986bhp hypercar experience gets even more intense in roofless form
- Mesmerising V8, expertly integrated hybrid system
- Styling isn’t Ferrari’s finest; you need to pack light
It’s not your stomach that wants you to back off when you launch an SF90 Spider – well, any SF90 for that matter – it’s the soft squidgy bit between your ears. Its immediate response to you being carefree with your right foot and first gear engaged is to immediately stop it. Just lift, bring the car to a halt and have a word with yourself. But you can’t because you’re already well through second gear and the shift lights are illuminating as quickly as the numbers on the digital speedo are becoming a blur before your eyes. Then third gear arrives and by now your right foot is at last beginning to listen to the sensible advice from above. Enough.
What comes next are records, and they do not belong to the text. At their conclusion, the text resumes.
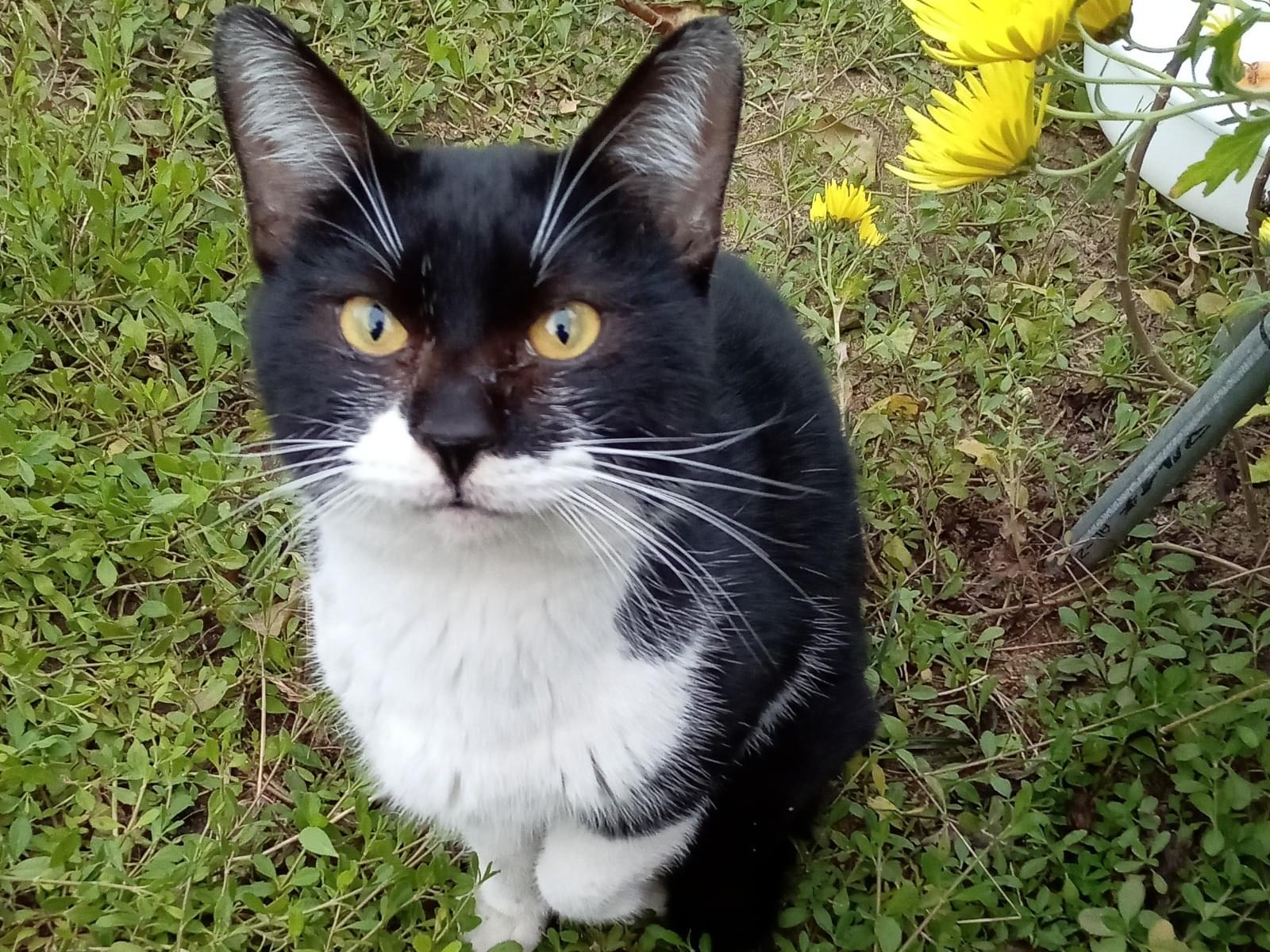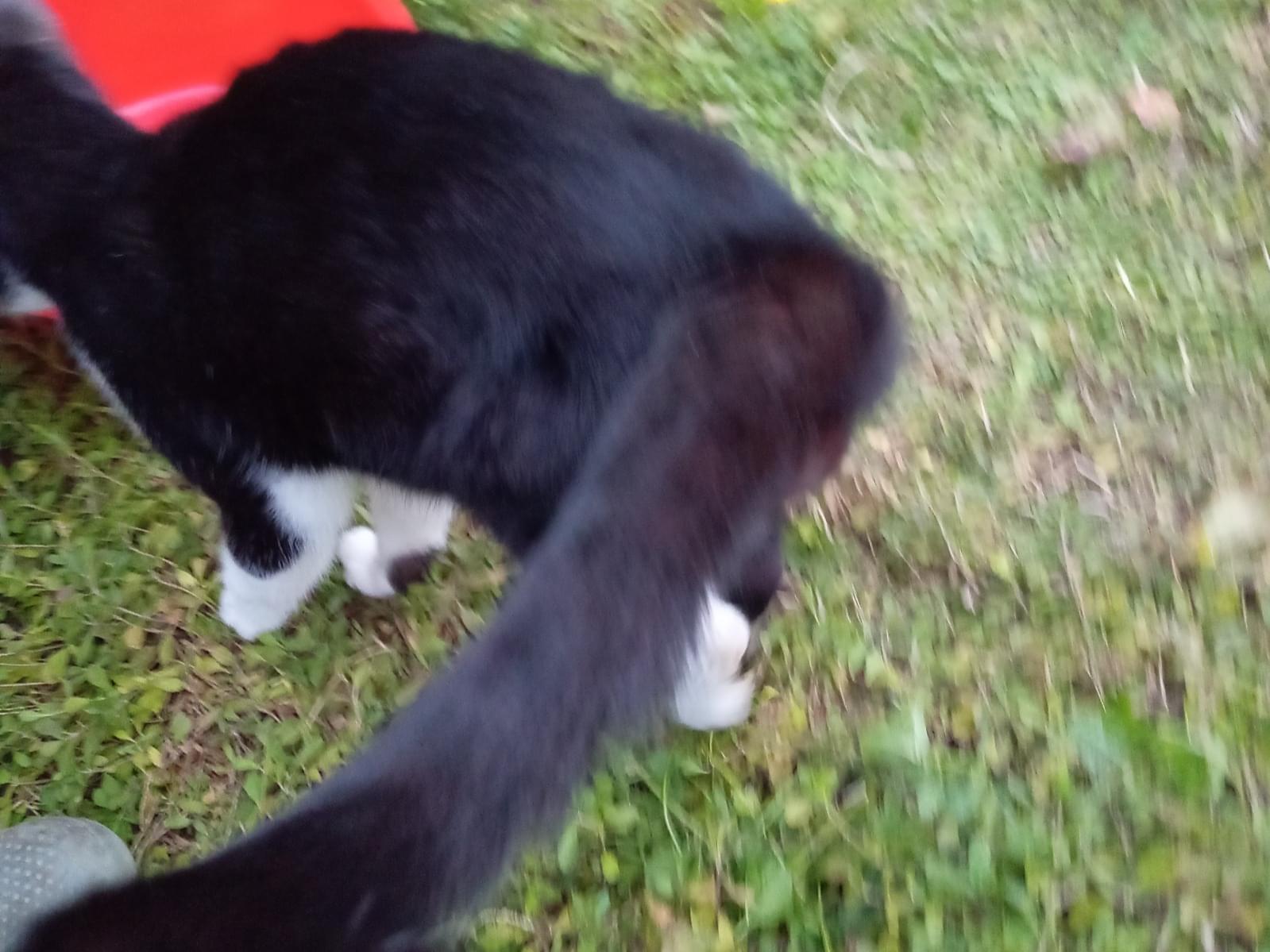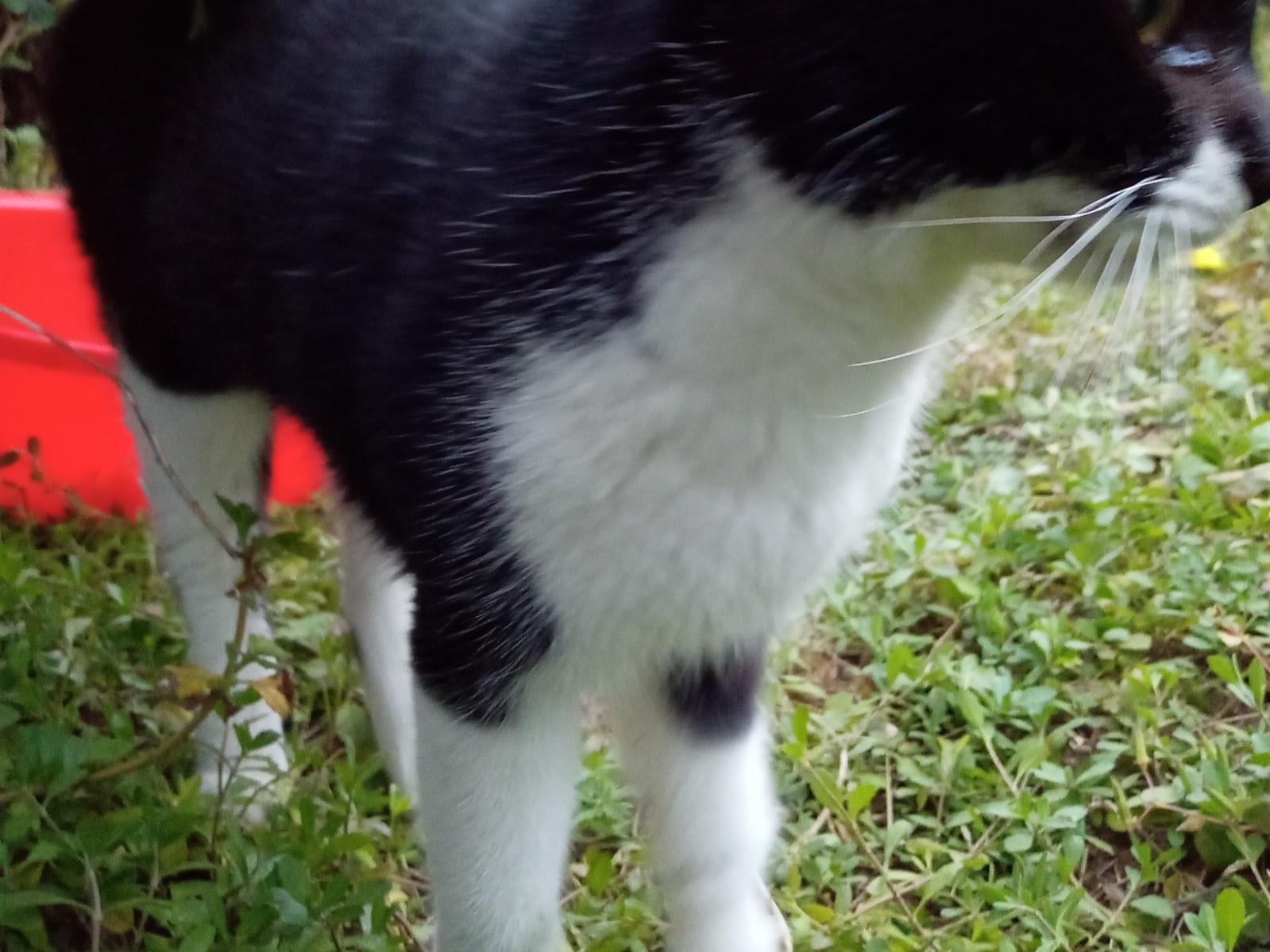 尻尾の長い大人サイズの白黒オスで、歯石なさそうに見え毛の艶も若そうです。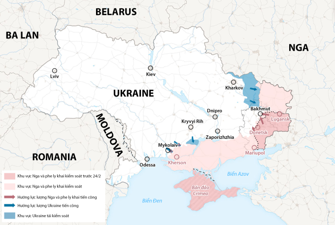 Thành phố Bakhmut và cục diện chiến trường Ukraine sau hơn 8 tháng giao tranh. Đồ họa: WP.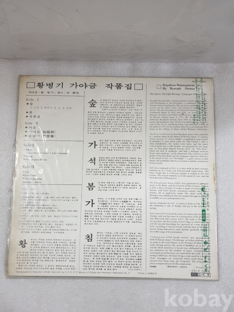 {천원경매}4-0757 황병기 가야금 작품집 LP (깨질 위험이 있으니 LP끼리만 합배송 바랍니다.)
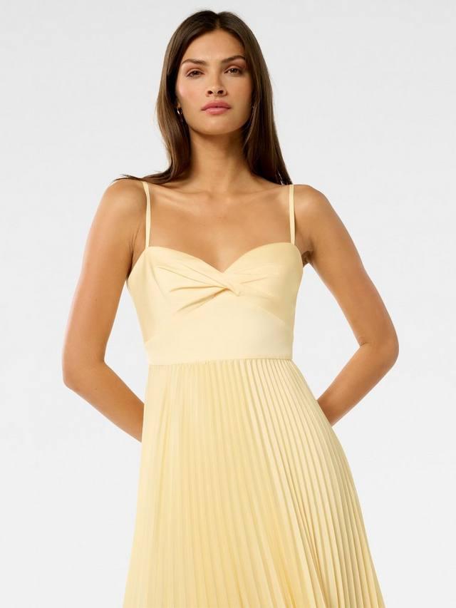 Это платье средней длины от Forever New, облегающее и расклешенное, с плиссировкой, выполнено из лёгкой ткани. Очаровательный вырез в форме сердечка не требует принтов и акцентов, чтобы привлечь к себе внимание.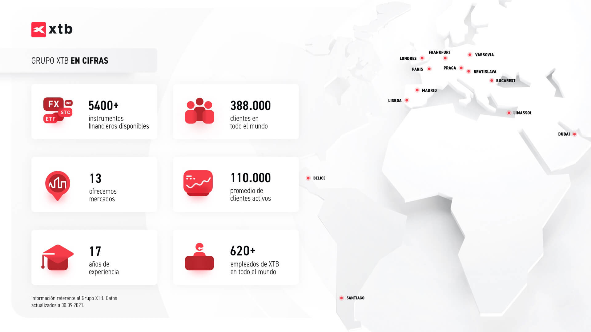 Podrás encontrar más información resumiendo las actividades del Grupo XTB durante el tercer trimestre de 2021 en el Informe Actual Número 16/2021 - “Resultados financieros y operativos preliminares del Tercer trimestre de 2021”, que puedes descargar descargar aquí.

Nine hundred and eighty-six bhp has that effect on you, and removing the roof panel from an SF90 only heightens the eye-widening experience that is driving a modern hypercar. Removal of said roof from the coupe’s body doesn’t leave you with a wibbly mess of a chassis or the shakes, either. The SF90’s underpinnings were designed from the outset to work with or without a couple of square metres of aluminium or carbonfibre above the driver’s head, and removing them means you feel a step closer to that ferocious performance that feels so unnecessary but also impossible to ignore every time you drive it.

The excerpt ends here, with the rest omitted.